President Reagan responded yesterday to the fourth increase in the prime rate in four months by saying "there is no excuse" for high interest rates. White House spokesman Larry Speakes blamed banks and the financial markets for "fear and skepticism" about future inflation, and indirectly faulted the Federal Reserve Board.
Reagan's political strategists have said that no other single issue is potentially more threatening to the president's reelection campaign than rising interest rates.
Yesterday, speaking to a group of farm community officials at the White House, Reagan said nothing directly about yesterday's increase in the prime from 12.5 to 13 percent. Instead, he noted that it had come down "by nearly half" since he took office and said high interest rates generally are caused by "fear of the future."
"I think to get them down they [the markets] just have to finally realize we're serious about keeping inflation under control," Reagan said, repeating an explanation he has offered frequently in the past for high interest rates.
"There is no excuse for the interest rates being at the level they are right now, other than just fear of the future," he said.
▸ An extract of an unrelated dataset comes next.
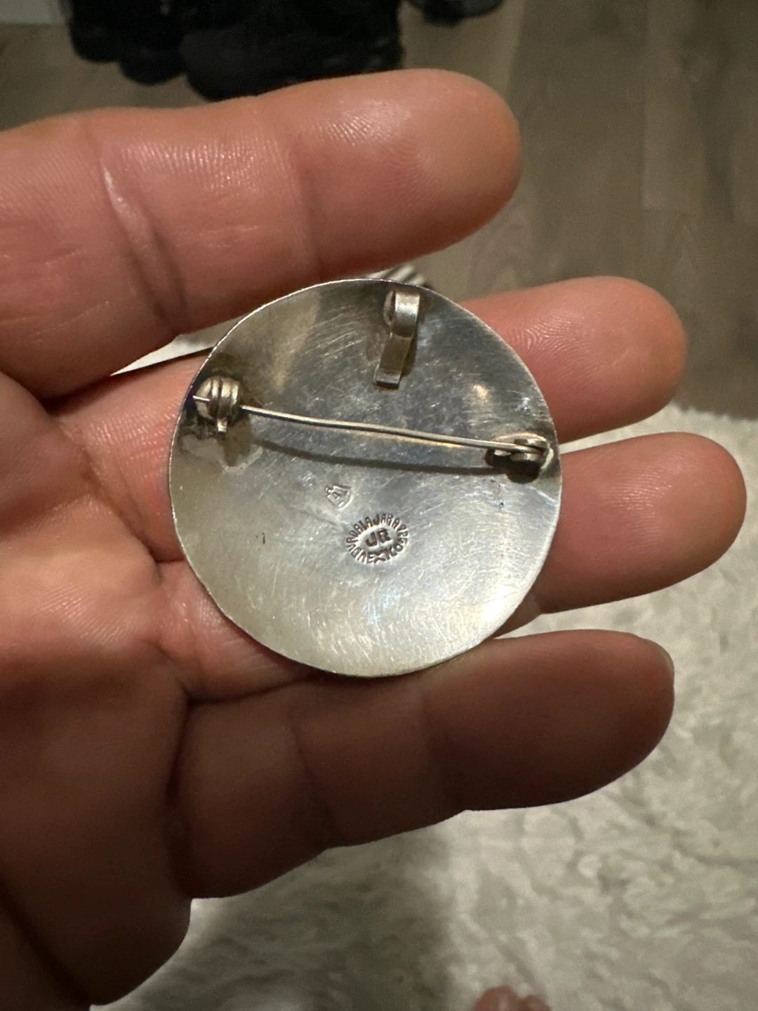 Selling a vintage sterling silver brooch pin. It features a detailed design with a figure, donkey, and mountain scene. The back has a pin closure and is marked 'Sterling' and 'Mexico'. It's a unique piece!

Speakes said the prime rate rise "is difficult to explain" in light of low inflation. "We see no reason why the markets and the banks should continue to be skeptical about inflation," he added.
Bankers have come to expect renewed inflation with each economic upswing, Speakes said, but "it simply is not happening in this administration because we've got a new approach and a president who is determined to hold inflation down."
Many economists attribute rising interest rates to increasing private credit demands and competing pressure from federal deficits, which are running $170 billion a year. Speakes said the White House agrees that rising credit demand is forcing interest rates up, but does not think deficits are to blame.
Speakes said that "we mean to reduce the deficit even more in 1985," but that Reagan would not reveal details until after the November election.
In May, when the prime last increased, Speakes faulted the Federal Reserve Board, which controls the money supply. Reagan later said the Fed was "right on target." Yesterday, Speakes indirectly criticized the Fed again, saying "it's hard to accept" that the federal funds rate--which banks charge each other for overnight loans--is fluctuating between 11 and 12 percent when inflation is between 3 and 4 percent.
Reagan, in another day of campaign-style appearances at the White House, told farm representatives that the economy is improving. Also, addressing a group of black administration appointees, he said "do-nothing Democrats" in Congress had stalled his enterprise zones legislation to provide tax breaks to spur inner-city development. On civil rights, he said that, "contrary to a lot of demagoguery," the administration has moved "with vigor and vision."